Name: Catherine WILLOUGHBY
Sex: Female
Spouse 1: Richard BERTIE (1517-1582)
Spouse 2: Charles BRANDON 1st Duke of Suffolk ( -1545)
Birth 22 Mar 1520
Death 19 Sep 1580 (age 60)

Note on Wife: Maria DE LA SALINAS

Maria de Salinas's parentage is the subject of some debate. One possibility is that she was the daughter of Don Martin de Salinas and Doña Josepha Gonzales de Sales. The other is that her parents were Juan de Salinas (d.c.July, 1495) and Inez de Albornos. The source of the latter choice also gives Maria a sister, a second Inez de Albernos, who married Francis Guevera of Stanyott, Lincolnshire.
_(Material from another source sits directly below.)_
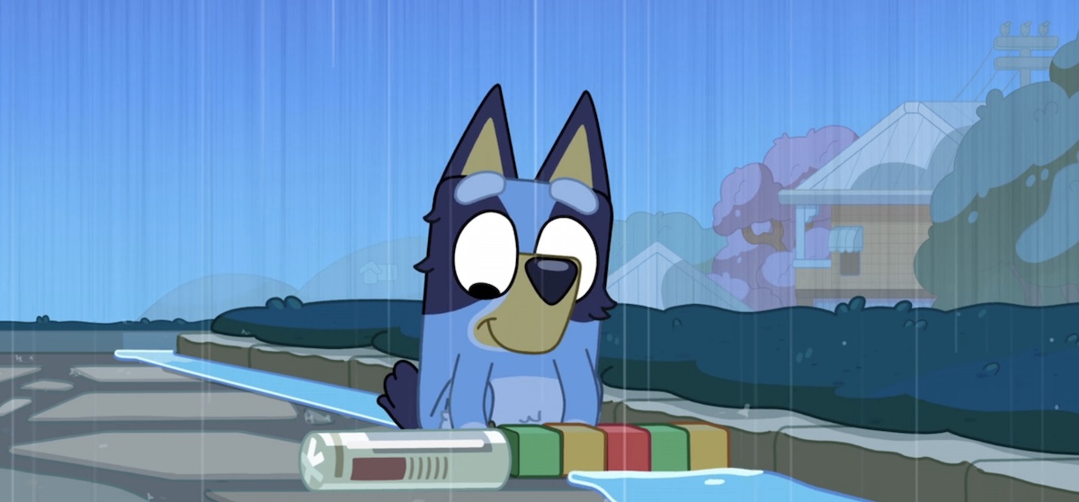 Most Bluey episodes are funny, but “Rain” goes in a different direction. It’s a rainy day, and Bluey tries to dam the walkway in front of her house. This episode, which doesn’t have any dialogue, is a delight for animation fans.

Whatever her parentage, Maria came to England in 1503 to replace her cousin, Maria de Rojas, as one of Catherine of Aragon's ladies and by 1514 was considered to be Queen Catherine's closest friend. She was naturalized in 1516, shortly before her June 5th marriage to William, 10th Baron Willoughby d'Eresby (d.1526), master of the royal hart hounds. They were given the loan of Greenwich Palace for their honeymoon and the manor of Grimsthorpe, Lincolnshire as a wedding present. An indication of the favor in which Maria was held can also be seen in the name of one of King Henry VII I's new ships—the Mary Willoughby. Maria had only one child, Catherine (March 22,1520-September 19,1580), who became the ward of Charles Brandon, duke of Suffolk upon Willoughby's death. In 1534, after the death of his previous wife, the king's sister, Mary Tudor, Suffolk married Catherine Willoughby. Maria was forced to leave Queen Catherine's service in 1532. She had two dower houses, Parham Old Hall in Suffolk and the Barbican in London. In 1535, however, when she heard that her old mistress was dying, she made her way to Queen Catherine's prison at Kimbolton Castle and demanded entrance. As Garrett Mattingly, Catherine's biographer, puts it: "It was a foul, black night, the roads were filthy, she had fallen from her horse, she did not care what his orders were, she was not going another mile." Faced with such determination, Sir Edmund Bedingfield, Catherine's jailer, let Maria in. She was with Catherine when she died on January 7, 1536. Maria herself died at Grimsthorpe some three years later, but she is said to have been buried near the queen.